The S&P 500 has declined for six straight sessions, its longest losing streak since February 2020.
Speaking on Tuesday, St. Louis Fed President James Bullard made a case for more rate hikes, while Chicago Fed President Charles Evans said the central bank will need to raise rates by at least another percentage point this year.
“It’s disappointing, but it’s not a surprise,” said Robert Pavlik, senior portfolio manager at Dakota Wealth in Fairfield, Connecticut. “People are concerned about the Federal Reserve, the direction of interest rates, the health of the economy.”
Analysts at Wells Fargo now see the US central bank taking its target range for the Fed funds rate to between 4.75% and 5.00% by the first quarter of 2023.
Seven of 11 S&P 500 sector indexes fell, with utilities and consumer staples each down about 1.7% and leading declines.
The energy sector index rallied 1.2% after Sweden launched a probe into possible sabotage after major leaks in two Russian pipelines that spewed gas into the Baltic Sea.
Tesla (TSLA) gained 2.5% and Nvidia (NVDA) added 1.5%, with both companies helping keep Nasdaq in positive territory.
Traders exchanged over USD 17 billion worth of Tesla shares, more than any other stock.
The benchmark US 10-year Treasury yield touched its highest level in more than 12 years amid the hawkish comments from Fed officials.

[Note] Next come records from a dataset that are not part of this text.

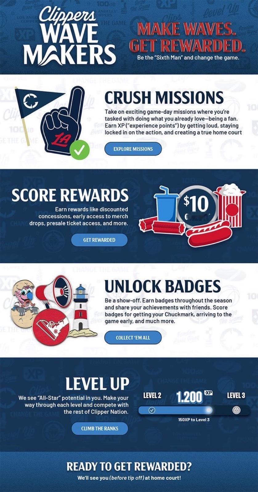 快船队本赛季推出了一个叫“Wave Makers”的球迷互动计划,不看花钱多少,只看参与热情。
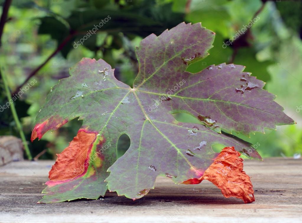 Kod belih sorati, pege su žute a crvene do crvenobraonkaste kod crnih sorata. Srednji deo pega nekrorira i postaje tamnocrven, zbog čega pege, odnosno oboleli delovi liske, izgledaju kao vatrom sprženi. Na listovima pri završetku porasta, ili na onima koji su prestali da rastu, javlja se veći broj sitnih pega. Intenzivne zaraze su na donjih šest, a ređe i na prvih 12 listova. Oboleli listovi prevremeno (krajem proleća)
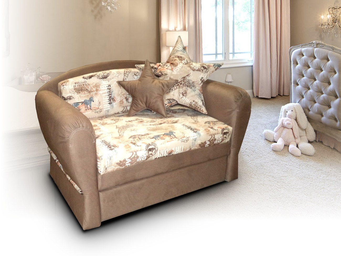نظرًا لحقيقة أن الأطفال ينموون بسرعة ، فإن مصنعي الأرائك يقدمون نماذج قابلة للطي رخيصة الثمن مع إطارات خشبية وملء رغاوي PU. آليات vykatnye شعبية قابلة للطي والمنتجات مع مقصورات للكتان. الحشو الطبيعية وكتل الربيع تحتوي على النماذج التالية من الأرائك للأطفال:
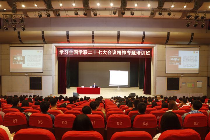 本网讯(通讯员 肖庆伦  陈璐瑶)为深入学习宣传贯彻全国学联二十七大习近平总书记贺信和党中央致词精神,全面贯彻落实全国学联二十七大提出的工作部署和任务,持续推动学生会组织深化改革,进一步落实共青团对学生会指导管理责任,10月10日,我校在南校区小礼堂举行学习全国学联二十七大会议精神专题培训班。校团委全体人员、校学生会全体成员、学院团委委员、学院学生会主席团成员、校“青马工程”学员和研究生支教团成员等300余人参加培训。
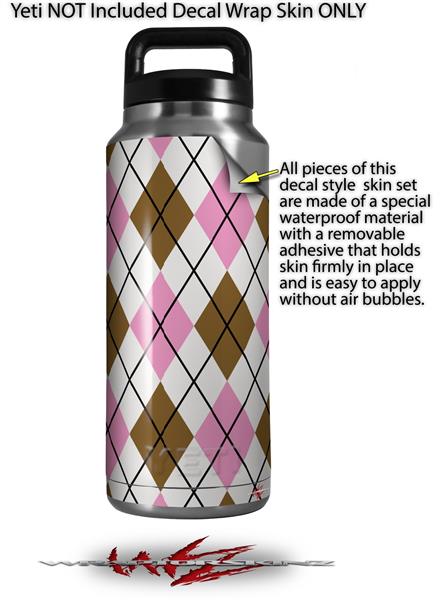 Skin Decal Wrap for Yeti Rambler Bottle 36oz Argyle Pink and Brown (YETI NOT INCLUDED)
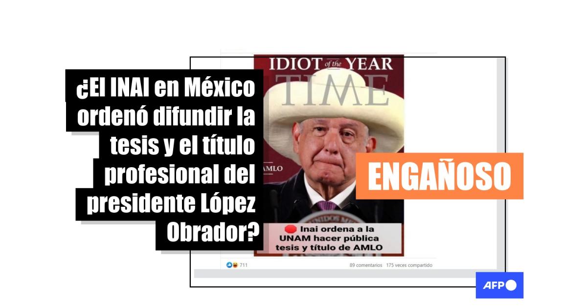 “Inai ordena a la UNAM hacer pública tesis y título de AMLO”, dicen publicaciones en Facebook y Twitter, algunas de las cuales incluyen imágenes de burla hacia López Obrador. Otras critican la supuesta decisión del INAI al afirmar que la tesis “ya es pública”.

The Dow Jones Industrial Average fell 0.43% to end at 29,134.99 points, while the S&P 500 lost 0.21% to 3,647.29.
The Nasdaq Composite climbed 0.25% to 10,829.50.
Concerns about corporate profits taking a hit from soaring prices and a weaker economy have also roiled Wall Street in the past two weeks.
Analysts have cut their S&P 500 earnings expectations for the third and fourth quarters, as well as for the full year. For the third quarter, analysts now see S&P 500 earnings per share rising 4.6% year-over-year, compared with 11.1% growth expected at the start of July.
Volume on US exchanges was 11.7 billion shares, compared with an 11.3 billion average for the full session over the last 20 trading days.
Declining issues outnumbered advancing ones on the NYSE by a 1.25-to-1 ratio; on Nasdaq, a 1.03-to-1 ratio favored advancers.
The S&P 500 posted no new 52-week highs and 146 new lows; the Nasdaq Composite recorded 28 new highs and 502 new lows.